More than 500 academics call on universities to stop accepting research funding from fossil fuel industry
A group of more than 500 academics on Monday called on American and British universities to ban accepting funding for climate research from fossil fuel companies.
In the letter, signatories wrote that accepting such funding undermined the academic integrity of the research it enables.
“To be clear, our concern is not with the integrity of individual academics. Rather, it is with the systemic issue posed by the context in which academics must work, one where fossil fuel industry funding can taint critical climate-related research,” the letter states.
The writers compared accepting fossil fuel funding to public health researchers accepting money from the tobacco industry, which numerous institutions already have a policy of rejecting. Those policies, they write, are based on not only the conflict of interest but also the tobacco industry’s history of obfuscating the link between its product and health issues.

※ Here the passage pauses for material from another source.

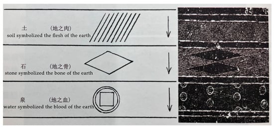 During the Warring States Period and the Han dynasty, some people called the space where the dead resided “Gloomy City (幽都)”. In Elegies of the South·Requiem (《楚辞·招魂》), Qu Yuan exclaimed, “Oh, soul, come back! Don’t go to the Gloomy City down below. (魂兮归来!君无下此幽都些。)”. Here, he is calling the ghosts of the dead back from “Gloomy City (幽都)”, which he decribes as “down below (下)”, indicating that the people of Chu also believed that the space for ghosts after death was underground. The original meaning of “gloomy (幽)” is deep and dark, and the periphery of the character “gloomy (幽)” is in the shape of a “mountain (山)”, thus referring to the space deep underground in Elegies of the South. In ancient Chinese, “city (都)” could refer to a large and important town or a unit for the control of the population, and the appearance of the name “Gloomy City (幽都)” suggests that people at that time already believed that the ghosts of the dead would gather in the underground world. The back wall of the Xiaotangshan Stone Shrine (Han dynasty) was found to have patterns in the underground space surrounded by diagonal lines, diamond shapes, and copper coins. According to Jiang (2016, pp. 78–86), the Han paintings depict the world after death, and the basic nature of the burial chamber is a space in “Gloomy City (幽都)”, with the patterns in the mural paintings symbolizing “soil (土)”, “stone (石)”, and “spring (泉)”, which represent a cross-section of the earth and reveal the underworld below the “Nine Springs (九泉)”, as shown in Figure 1.

The letter draws a parallel between this misinformation and the fossil fuel industry’s own history of obscuring the link between the burning of fossil fuels and climate change. In a hearing of the House Oversight Committee last year, Chairwoman Carolyn Maloney (D-N.Y.) repeatedly questioned fossil fuel executives on whether they had knowingly obscured this link, which all the witnesses denied.
Signers of the letter included activist and philosopher Cornel West, former Archbishop of Canterbury Rowan Williams and Pennsylvania State University climatologist Michael Mann.

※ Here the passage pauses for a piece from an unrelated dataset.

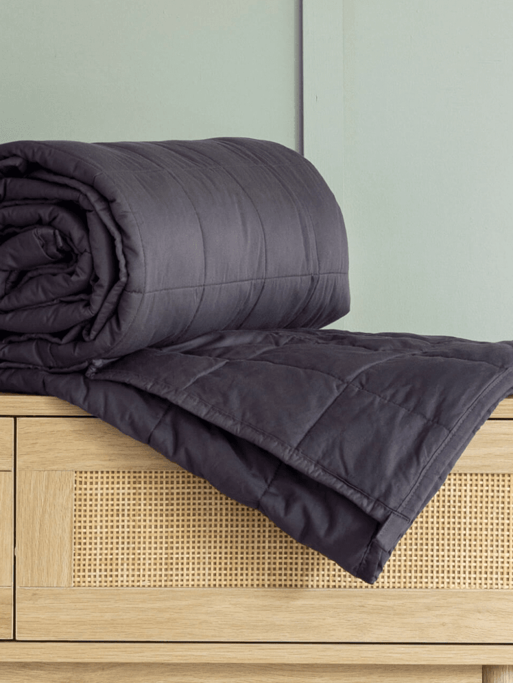 This weighted blanket is from a brand best known for offering luxe at-home spa-style decadence with pampering products and it comes in four weight options, spanning across 4.5kg to 11.5kg. Containing glass beads and polyester, the grey quilted blanket also features an ESPA logo on one corner. Made from 100% cotton, the blanket is breathable too, further compounding that calming feeling its pressure stimulation will create.

“It’s time for universities to stop selling their credibility to polluters,” Mann told The Hill in a statement.
“Taking money from fossil fuel companies to support climate and energy research is a bit like taking money from Russia to study American cyber-security.”
The letter comes amid an ongoing campaign to pressure universities to divest from fossil fuel companies. In one of that effort’s highest-profile victories thus far, Harvard University announced last September that it would pull its $42 billion endowment from the fossil fuel industry.